Node Redundancy Designs
_______________________

Pacemaker supports practically any `node redundancy configuration
<https://en.wikipedia.org/wiki/High-availability_cluster#Node_configurations>`_
including *Active/Active*, *Active/Passive*, *N+1*, *N+M*, *N-to-1*, and
*N-to-N*.

Active/passive clusters with two (or more) nodes using Pacemaker and
`DRBD <https://en.wikipedia.org/wiki/Distributed_Replicated_Block_Device>`_ are
a cost-effective high-availability solution for many situations.

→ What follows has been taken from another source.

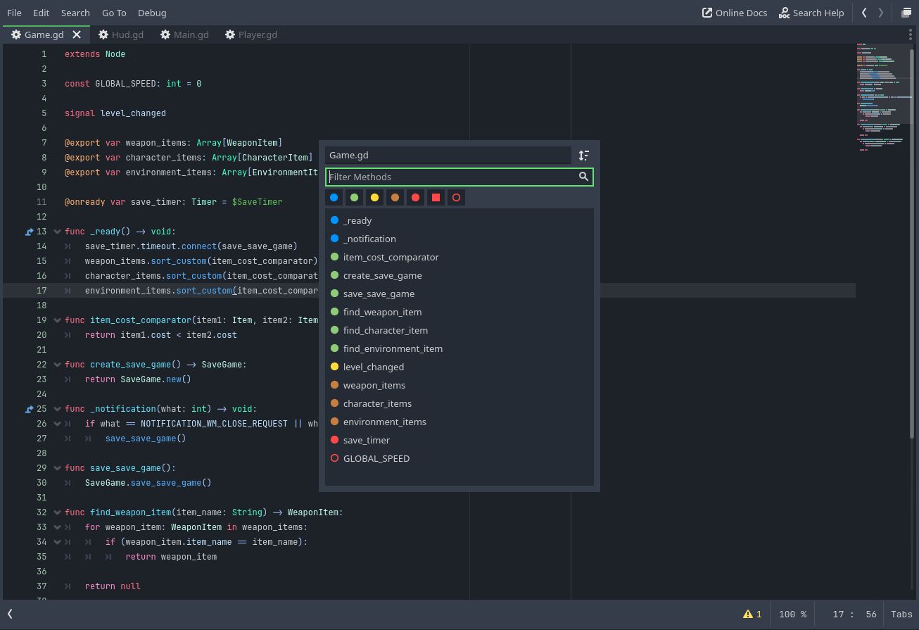 I usually don't install plugins but this one, to turn the default Godot Script editor into more of an IDE is pretty good, tabs on top, navigate methods and quick search https://github.com/Maran23/script-ide #gamedev #godot

One of the
nodes provides the desired services, and if it fails, the other node takes
over.

.. image:: ../shared/images/pcmk-active-passive.png
   :alt: Active/Passive Redundancy
   :align: center

Pacemaker also supports multiple nodes in a shared-failover design, reducing
hardware costs by allowing several active/passive clusters to be combined and
share a common backup node.

.. image:: ../shared/images/pcmk-shared-failover.png
   :alt: Shared Failover
   :align: center

When shared storage is available, every node can potentially be used for
failover. Pacemaker can even run multiple copies of services to spread out the
workload. This is sometimes called N-to-N redundancy.

.. image:: ../shared/images/pcmk-active-active.png
   :alt: N to N Redundancy
   :align: center

.. rubric:: Footnotes

.. [#] *Cluster* is sometimes used in other contexts to refer to hosts grouped
       together for other purposes, such as high-performance computing (HPC),
       but Pacemaker is not intended for those purposes.